ReligionChurch Joke: 72
A man who smelled like a distillery flopped on a subway seat next to a priest. The man's tie was stained, his face was plastered with red lipstick, and a half-empty bottle of gin was sticking out of his torn coat pocket. He opened his newspaper and began reading. After a few minutes the disheveled guy turned to the priest and asked, "Say, Father, what causes arthritis?"

"My son, it's caused by loose living, being with cheap, wicked women, too much alcohol, and a contempt for your fellow man."

"Well, I'll be damned," the drunk muttered, returning to his paper.

The priest, thinking about what he had said, nudged the man and apologized. "I'm very sorry, I didn't mean to come on so strong. How long have you had arthritis?"

"I don't have it, Father.

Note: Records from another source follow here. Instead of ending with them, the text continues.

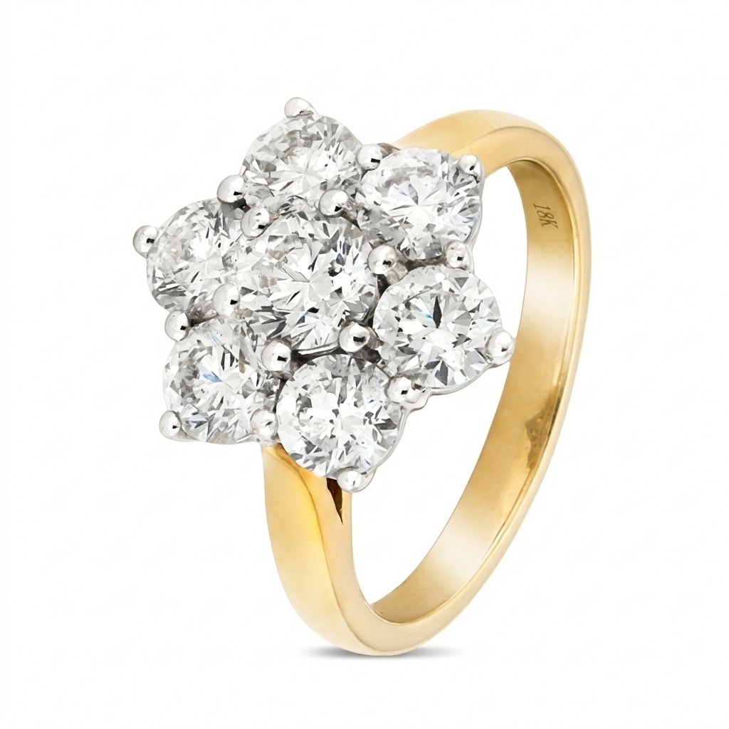 A brand-new, unused, certified natural diamond daisy-shaped cluster ring, this magnificent piece exudes timeless elegance and radiant brilliance. Expertly crafted in a luxurious blend of 18ct yellow and white gold, it features seven perfectly matched brilliant-cut natural diamonds, together weighing an impressive 3.10 carats. Each diamond, graded G–H in colour and SI1 in clarity, displays remarkable fire and sparkle, their collective brilliance forming a dazzling floral cluster that captures light with breathtaking intensity. The design’s symmetry and balance evoke classic beauty, while the exceptional craftsmanship ensures enduring sophistication.
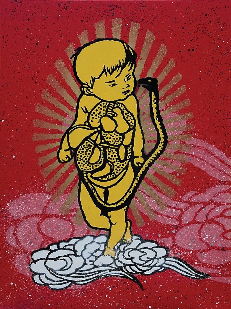 Jason Wing, Serpent People (Boy with Snake Belly), 2024, acrylic spray paint, canvas, 122 x 91cm
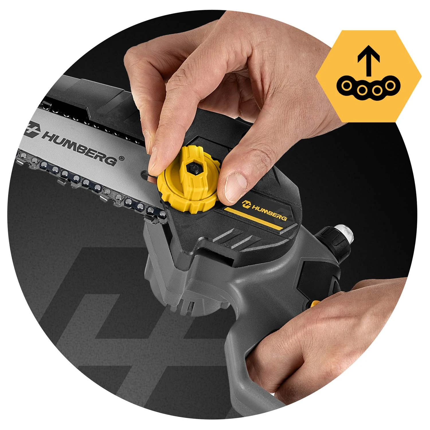 Z lahko dostopnim in enostavnim ročajem lahko hitro zategnete verigo brez orodja. Nič več iskanja ključa ali odpiranja ohišja!
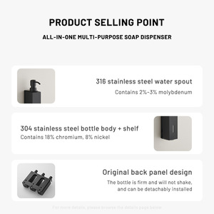 ホテルのバスルーム用304ステンレス鋼ソープディスペンサー、壁掛け式シャンプーとシャワージェルのプレスボトルの国境を越えた特別供給
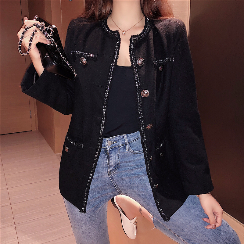 復古氣質百搭新款秋季韓版chic長袖小西裝單排扣時尚顯瘦毛呢外套
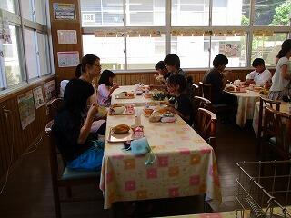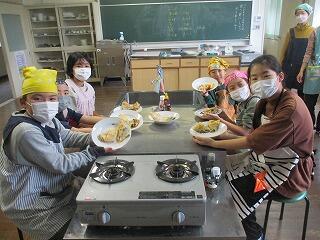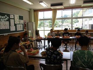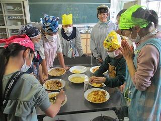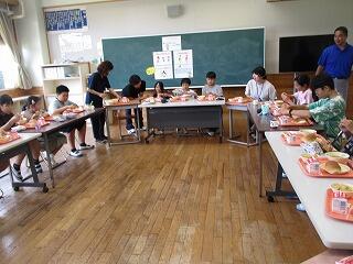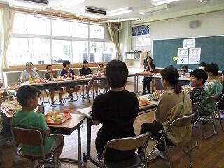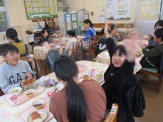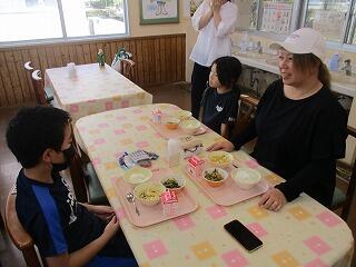 給食の時間です。この日は『チキン南蛮の日』ということで、メニューはチキン南蛮でした。3校の子どもたちがみんなそろった給食の時間、楽しくおいしく食べていました。
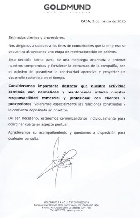 En la carta enviada a clientes y proveedores, Goldmund explicó que se encuentra “atravesando una etapa de reestructuración de pasivos” y que la decisión “forma parte de una estrategia orientada a ordenar los compromisos y fortalecer la estructura de la compañía, con el objetivo de garantizar la continuidad operativa y proyectar un desarrollo sostenible en el tiempo”.
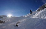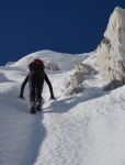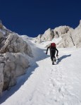 Na plazu snega ni. Grozno, kakšna obupna pot je to v kopnem! Tudi višje je snega malo, a tudi tu so razmere super. Ivo je bolelo koleno še od prejšnjega dne, zato je malo pod vrhom obrnila, midva pa sva pospešila naprej na Veliko Mojstrovko. Sonce naju je do takrat že lepo ogrelo, pred nama pa uživaški greben. Šla sva čez Srednjo Mojstrovko, nato pa pod Zadnjo navzdol in spodaj spet nazaj do Grebenca. Zelo uživaško – če le ne bi potem zmanjkalo snega…
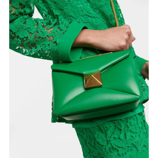 Valentino Garavani’s One Stud Small shoulder bag is named for the maxi Rockstud embellishment on its envelope-style flap. The padded design is made from green nappa leather and finished with a gold-tone chain strap.

I was just reading here that the Pope does."


ReligionChurch Joke: 73
What is white and streaks across the sky?

The coming of the Lord.


ReligionChurch Joke: 74
Did you hear about that guy who was asked to be a Jehovah's witness?

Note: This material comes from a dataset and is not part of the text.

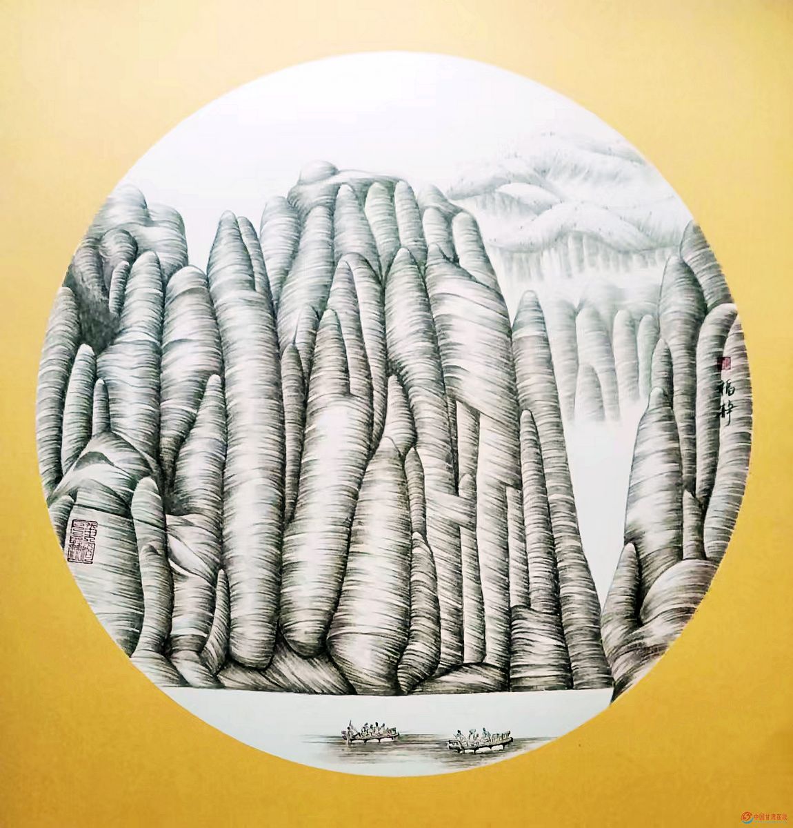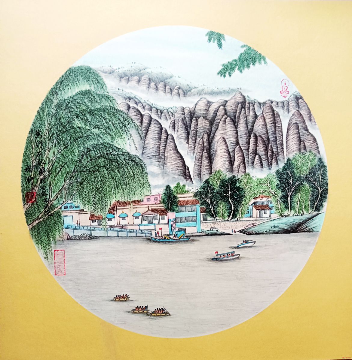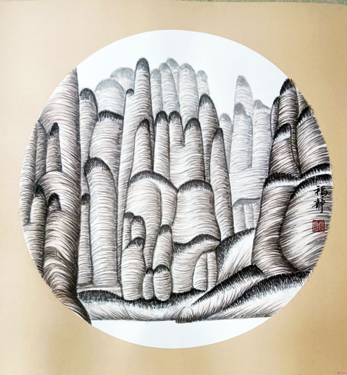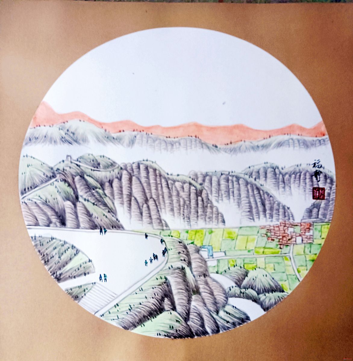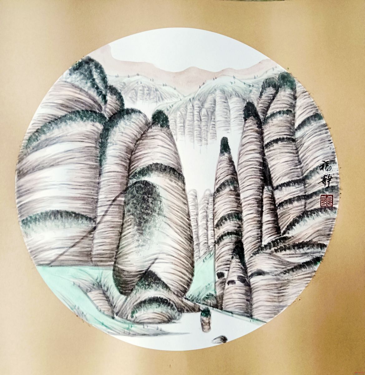 早期探索:青年时期醉心山水画创作,通过临摹、速写、素描等方式夯实基础,作品逐渐受到乡邻认可。在函大学习期间,受教于刘勃舒、姚治华、黄均等名家,系统研习白描、工笔重彩、写意人物、山水写生等技法,并注重“师传统”与“师造化”结合。
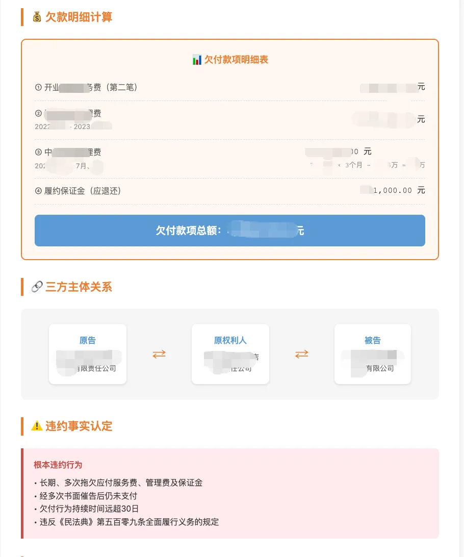 用户:对这个文件夹使用文档可视化转换Claude code 或者 OpenCode:📁 找到1个文档:民事起诉状.PDF 检测类型:法律文书 建议方案: - 案件时间轴(横向展示2019-2025关键节点) - 欠款明细计算表(4笔款项分项展示) - 三方主体关系图 - 请求判决的结果摘要(3大判项) 页面尺寸:A4纵向,预计3页 以上方案您是否确认?用户:确认Claude code 或者 OpenCode:✅ 已生成可视化文档 - 民事起诉状核心意见_可视化.html(13KB) - 民事起诉状核心意见_可视化.pdf(92KB)

- He refused becuase he hadn't seen the accident.


ReligionChurch Joke: 75
A lawyer and the pope were both killed in an accident. The two were in line to see St. Peter at the Pearly Gates. St. Peter asked the lawyer his name and looked it up in his book. He then asked the Pope for his name, and looked it up in his book also. "Now, if you will come with me, I will show you your eternal dwellings," said St. Peter. They walked along the clouds and came to a huge mansion with all sorts of lavish trappings. St. Peter turned to the lawyer and told him this was to be his house. The Pope, knowing how important he was to the church could hardly imagine what his house would be like. St. Peter and the Pope continued on to a small, beat-up wooden shack. St. Peter told the Pope that this would be his dwelling. The Pope, shocked, said to St. Peter, "Just a minute! That other guy was a lawyer and he gets a mansion. I was the head of the Roman Catholic church, and this is all the reward I get?" St. Peter looked at the Pope and said "True, you have done great things. But we have lots of Popes in Heaven, and that guy was the first lawyer ever to make it up here."